GIVEN RECORDS:
'''
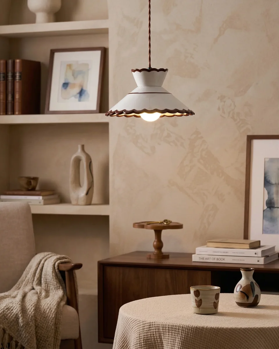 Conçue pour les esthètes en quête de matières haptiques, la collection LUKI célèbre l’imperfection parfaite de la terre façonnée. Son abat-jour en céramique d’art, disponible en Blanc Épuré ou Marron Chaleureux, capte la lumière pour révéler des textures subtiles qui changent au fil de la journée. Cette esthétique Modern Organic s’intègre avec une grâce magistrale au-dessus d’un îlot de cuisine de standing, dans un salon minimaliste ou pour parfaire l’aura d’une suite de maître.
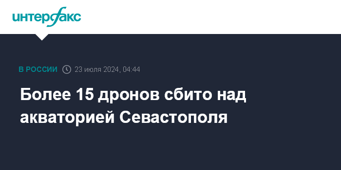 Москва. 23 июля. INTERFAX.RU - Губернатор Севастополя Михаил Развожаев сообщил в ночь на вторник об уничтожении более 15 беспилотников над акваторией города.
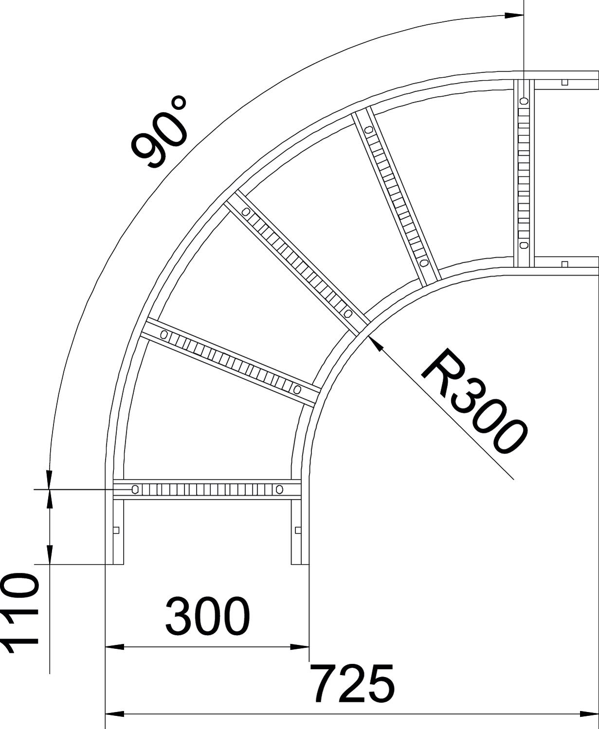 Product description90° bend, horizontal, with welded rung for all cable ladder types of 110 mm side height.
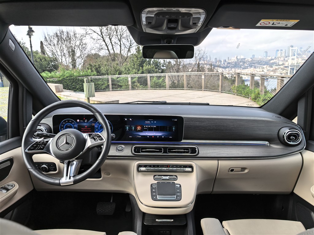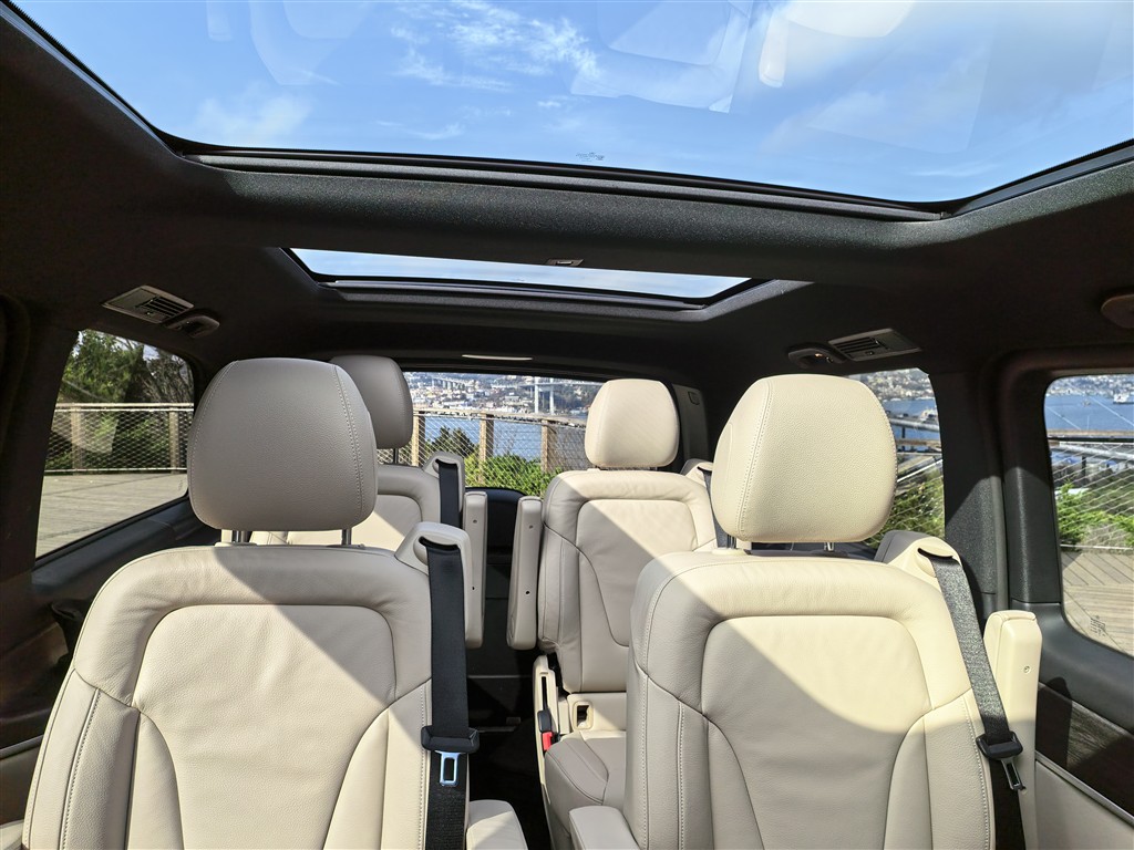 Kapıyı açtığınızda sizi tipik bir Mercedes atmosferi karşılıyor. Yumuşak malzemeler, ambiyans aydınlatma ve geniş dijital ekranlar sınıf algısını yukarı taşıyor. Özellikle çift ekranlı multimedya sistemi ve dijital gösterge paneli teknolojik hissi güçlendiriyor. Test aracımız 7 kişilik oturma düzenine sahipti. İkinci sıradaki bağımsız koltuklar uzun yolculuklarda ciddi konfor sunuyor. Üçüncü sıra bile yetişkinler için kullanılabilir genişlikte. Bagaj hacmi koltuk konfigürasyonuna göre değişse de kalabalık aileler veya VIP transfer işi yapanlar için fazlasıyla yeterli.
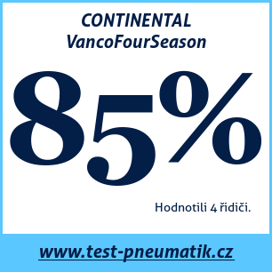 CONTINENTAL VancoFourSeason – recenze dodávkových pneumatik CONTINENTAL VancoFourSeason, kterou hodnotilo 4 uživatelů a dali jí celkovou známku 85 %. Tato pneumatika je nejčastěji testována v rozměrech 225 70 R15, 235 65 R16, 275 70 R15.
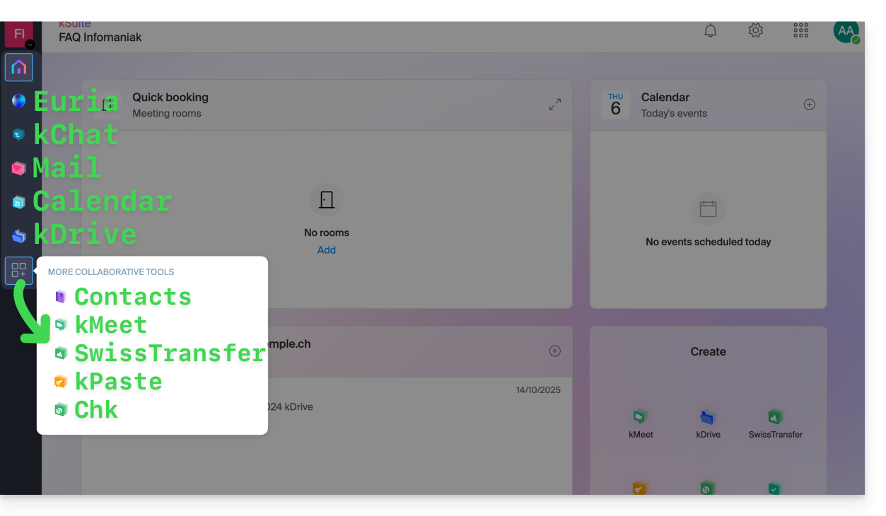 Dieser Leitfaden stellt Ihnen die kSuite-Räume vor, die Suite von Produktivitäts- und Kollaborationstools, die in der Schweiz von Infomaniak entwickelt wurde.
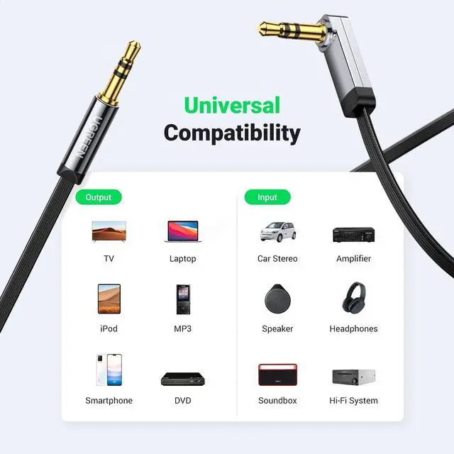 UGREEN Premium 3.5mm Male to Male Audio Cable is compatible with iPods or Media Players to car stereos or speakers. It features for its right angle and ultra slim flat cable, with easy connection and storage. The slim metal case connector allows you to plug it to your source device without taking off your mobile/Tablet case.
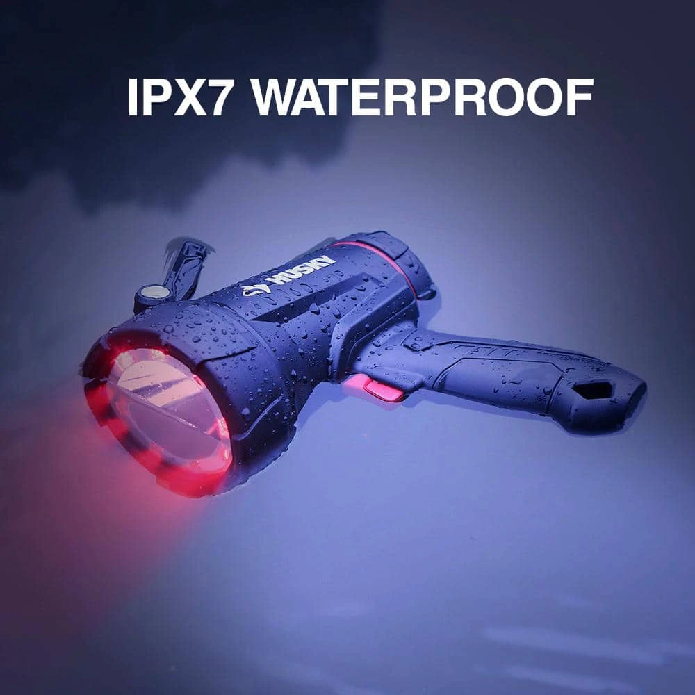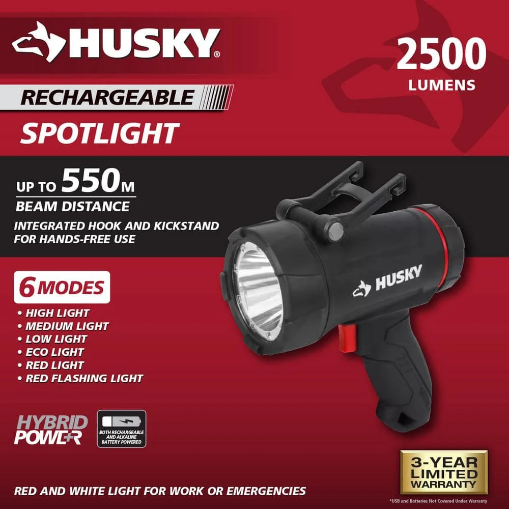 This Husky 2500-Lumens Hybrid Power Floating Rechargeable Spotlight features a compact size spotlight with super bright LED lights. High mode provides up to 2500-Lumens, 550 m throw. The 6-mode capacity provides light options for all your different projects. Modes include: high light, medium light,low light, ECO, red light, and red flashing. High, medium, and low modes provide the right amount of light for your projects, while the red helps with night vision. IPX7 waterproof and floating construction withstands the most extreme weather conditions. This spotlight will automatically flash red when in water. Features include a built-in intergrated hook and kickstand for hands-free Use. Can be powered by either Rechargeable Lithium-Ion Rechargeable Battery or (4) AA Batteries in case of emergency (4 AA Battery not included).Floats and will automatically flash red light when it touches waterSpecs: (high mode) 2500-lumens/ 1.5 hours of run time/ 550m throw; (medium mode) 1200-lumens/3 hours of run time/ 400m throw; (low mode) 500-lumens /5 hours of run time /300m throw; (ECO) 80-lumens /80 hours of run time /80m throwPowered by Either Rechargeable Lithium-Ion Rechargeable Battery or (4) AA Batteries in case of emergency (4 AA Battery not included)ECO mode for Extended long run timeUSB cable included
'''
'''
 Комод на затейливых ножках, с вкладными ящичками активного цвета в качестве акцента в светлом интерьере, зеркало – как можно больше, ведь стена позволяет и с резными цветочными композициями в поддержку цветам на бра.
'''
'''
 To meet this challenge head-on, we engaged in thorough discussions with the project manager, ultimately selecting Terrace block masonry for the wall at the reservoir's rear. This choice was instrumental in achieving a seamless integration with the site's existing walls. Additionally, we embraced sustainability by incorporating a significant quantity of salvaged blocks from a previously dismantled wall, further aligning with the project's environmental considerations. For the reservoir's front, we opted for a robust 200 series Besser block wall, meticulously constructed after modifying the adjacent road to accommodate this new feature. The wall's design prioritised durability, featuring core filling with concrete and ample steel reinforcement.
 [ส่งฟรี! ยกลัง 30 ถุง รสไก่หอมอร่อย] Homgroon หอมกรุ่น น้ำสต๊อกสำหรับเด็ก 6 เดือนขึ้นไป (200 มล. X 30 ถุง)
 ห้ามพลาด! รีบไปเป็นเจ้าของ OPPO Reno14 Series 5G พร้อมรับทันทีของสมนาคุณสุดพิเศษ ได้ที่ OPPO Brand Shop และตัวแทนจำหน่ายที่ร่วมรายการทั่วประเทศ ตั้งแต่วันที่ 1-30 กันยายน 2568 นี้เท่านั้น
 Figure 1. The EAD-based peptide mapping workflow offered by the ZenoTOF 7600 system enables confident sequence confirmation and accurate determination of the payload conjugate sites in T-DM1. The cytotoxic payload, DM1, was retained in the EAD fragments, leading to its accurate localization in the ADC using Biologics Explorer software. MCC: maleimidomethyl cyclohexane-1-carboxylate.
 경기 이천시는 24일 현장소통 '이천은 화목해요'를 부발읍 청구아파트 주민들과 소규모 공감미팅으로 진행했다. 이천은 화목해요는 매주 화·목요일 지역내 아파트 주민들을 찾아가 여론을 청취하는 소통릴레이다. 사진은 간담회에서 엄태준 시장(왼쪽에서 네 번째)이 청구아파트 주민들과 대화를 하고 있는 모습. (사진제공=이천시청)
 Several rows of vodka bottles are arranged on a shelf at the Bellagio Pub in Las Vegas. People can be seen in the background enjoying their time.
'''
WHAT IS BEING ASKED: Only one stretch of the listing is wanted: the lines starting at the one with "CONTINENTAL VancoFourSeason –" and ending at the one with "Dieser Leitfaden stellt", copied exactly and free of pictures.

WRITTEN SOLUTION:
 CONTINENTAL VancoFourSeason – recenze dodávkových pneumatik CONTINENTAL VancoFourSeason, kterou hodnotilo 4 uživatelů a dali jí celkovou známku 85 %. Tato pneumatika je nejčastěji testována v rozměrech 225 70 R15, 235 65 R16, 275 70 R15.
 Dieser Leitfaden stellt Ihnen die kSuite-Räume vor, die Suite von Produktivitäts- und Kollaborationstools, die in der Schweiz von Infomaniak entwickelt wurde.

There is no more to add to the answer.